I have to admit something. Its been exceedingly difficult to write about shit on here. Initially, I wanted to navigate this blog with singular purpose, poised to astound minds with my witty insight and blasphemous humor. Well... damn. Harder than I thought. What would make anyone want to read what I have to say? I'm a no- name, vaguely talented, egotistical peon who's a downright dumb ass (and I say that as confidently as a self-deprecating bastard can). Indeed, I do desire a vast legion of readers and adoring fans but, unfortunately, it's eclipsed by one ironic paradox: I'd probably (no, definitely!) hate most of these motherfuckers. So you can see the predicament of my endeavor. May you be cursed to perform fellatio (or more likely cunnilingus) on Boy George if you can't.
Should I review music? Three Minute Record, a blolleague (blogger colleague) of mine, seems to have that down just fine. I'm sure he'd accommodate any reviews I might want to do. Movies? Books? Fashion? Art? Farts?!? Enough of that crap. Please. There is currently to much lame ass excess in those departments. Actually, it's precisely due to this that I know there's no God as sure he would have Sodom and Gomorrahed all these bitches a long, long time ago. I don't mean to rain on any parades, but if you're going to pursue any of these courses do it with some originality and thought, maintain some passion and purpose. Don't let your work be smeared in with the pap. (Pun most certainly intended) That's my biggest fear. That and being bit on the penis by a King Cobra.
Sure, I'm aware that what I'm doing here isn't exactly ground breaking. While there are definitely some creative and innovative juices pissing somewhere upwind in this ol' noggin of mine, a trend-setter or award-winner, I ain't.
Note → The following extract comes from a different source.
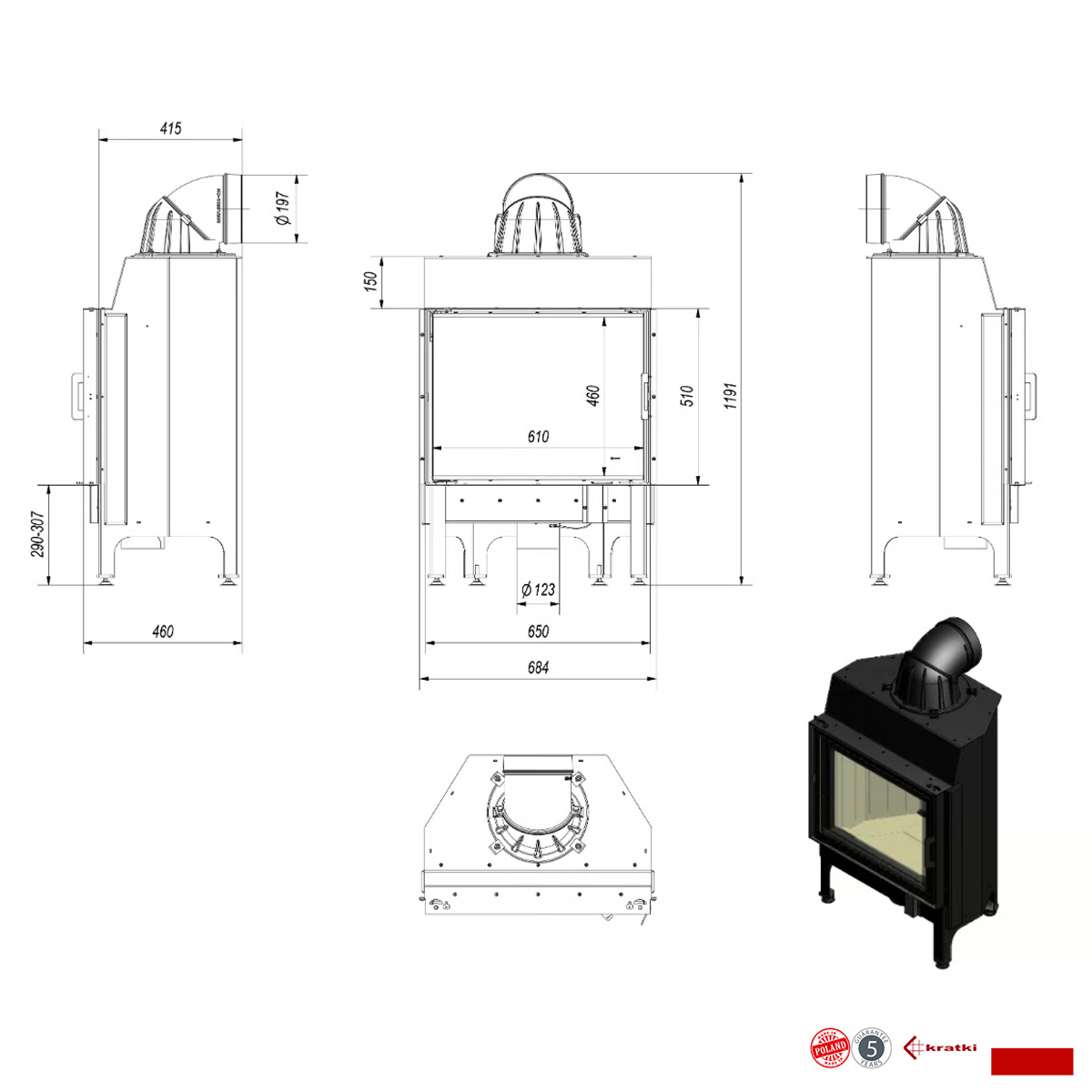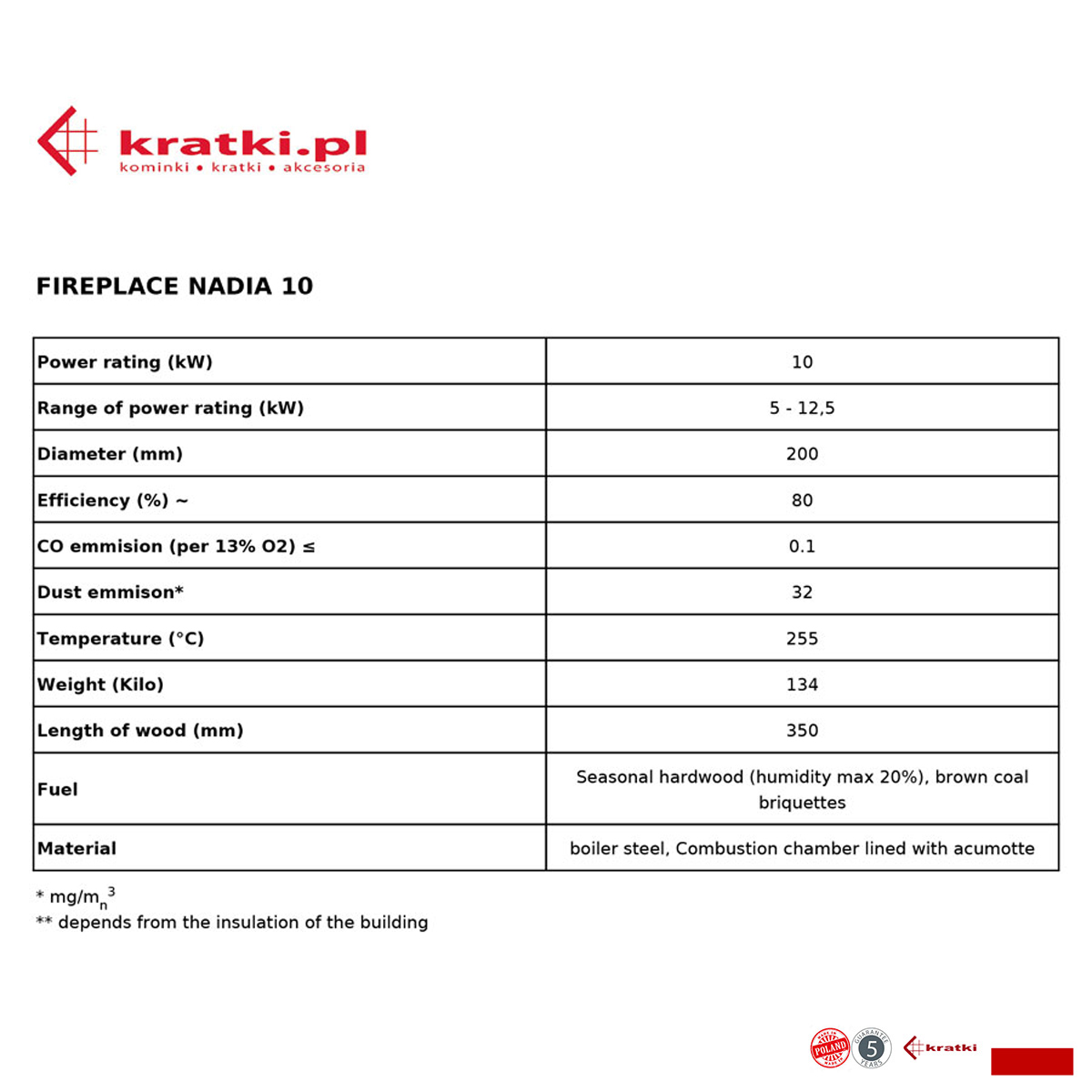 KRATKI POLAND Wood Fire 10 KW Lateral Nadia

But unlike most people who just want to write their daily thoughts on their job, girlfriends/boyfriends or the type of peanut butter their dog licked off their balls last night (which is fun) , I want to do it just a wee bit differently. I want it done right, with plenty of humor, satire, wit, intellectual insight, purpose, and interest rampantly screaming all throughout. Basically, I don't want to bore anyone. Or their dogs.
So I guess I'll be writing about whatever the hell I want to on here. With no publication procedures, editors, fans, or an ethical compass, I've got nothing but wide open lanes, and, in the words of Judas Priest, I'm heading out to the highway. You'll see me. I'll be speeding home, fresh jar of peanut butter in tow.
So you see, I do have something to write about. And I hope you can find some entertainment in nothing at all.